Monday, June 25, 2007

Monday Movie Review: The Mighty

The Mighty (1998) 8/10
Max Kane (Elden Hensen) is in the seventh grade and "looks like Godzilla." He is silent, fearful, and enormous. Then "Freak" (Kieran Culkin) moves in next door. Freak has a rare bone disorder, walks using crutches, and has a hunchback. He is also extremely bright and well-read. The two form a friendship that carries them through the threat of street gangs, Freak's illness, and Max's haunted past.

My friend sent me a note on Netflix saying I simply must watch this movie with my son. And so I put it on the top of my queue and it came and we kept not watching it. Travel, his home tutoring, everything ate up our movie-watching time. So finally I called Netflix and asked them if they had a way of suspending the account for the summer. Turns out they do, even though it's nowhere on the website. So the woman said "You have The Mighty at home." And I said "Oh, I'll return that." And she said "Have you watched it?" And I said no and she said "Oh, you HAVE to! You should watch it with your son. It's so wonderful. I think I'll watch it tonight now that you've reminded me." So I watched it.

The Mighty does lovely and moving things. It shows the drama in an ordinary life. Max's life has, perhaps, not been ordinary at all. He's famous in his neighborhood, although the reasons for that fame are revealed slowly. What we know is that his father is a convicted murderer, and he lives with his grandparents. But for Max it's not really about murder and newspaper headlines, it's more about fear, and hiding under the bed, and being afraid to be looked at, and living inside a placid shell that hides the turmoil.

Freak can't live inside a shell, because his shell doesn't work very well for him. But he can live inside a glorious imagination and an intelligence that fuels it. He explores the world, invents toys, and believes himself to be a Knight of the Round Table. With Max's help, he can do heroic deeds and live up to a chivalrous code, a code that begins the work of healing Max's self-image.

There's a lot of clever editing in which knights in armor are interspersed with Freak and Max's adventures; it's not overdone, instead it's touching and fun. Despite the fantasy imagery, the movie remains pretty grounded until the end. There's a mid-point coincidence that is very "movie" and annoyed me a little, but only in the final fifteen minutes did I feel like my chain was being yanked, and then not hard.

The cast is overloaded. Gena Rolands, Harry Dean Stanton, and Sharon Stone have almost nothing to do; there's a little more going on with Meat Loaf, Gillian Anderson, and James Gandolfini, but the real work is done by the two "boys" (both actors were actually adults, but that's not really apparent).

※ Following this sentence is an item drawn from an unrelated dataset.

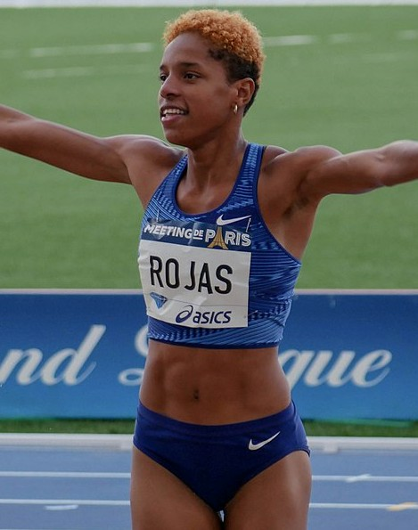 Yulimar Rojas, 2019.

Overall, I really do recommend this movie. It was charming and gritty in odd places. My only complaint is that it is "bookbound." That's probably not a word, but just as a stage-to-screen adaptation can feel "stagebound," and not "opened up" for film, I feel that some novel-to-screen adaptations are trapped inside the confines of their source material. It felt very literal, very page-by-page. I don't know if that's true—I haven't read the book—but the fact that it feels that way is enough.

By the way, Hollywood just sucks at titles. The source novel was called Freak the Mighty, which is a much better title; more distinctive, more memorable, more oddball. By contrast, "The Mighty" is an utterly forgettable title for a distinctive and oddball film.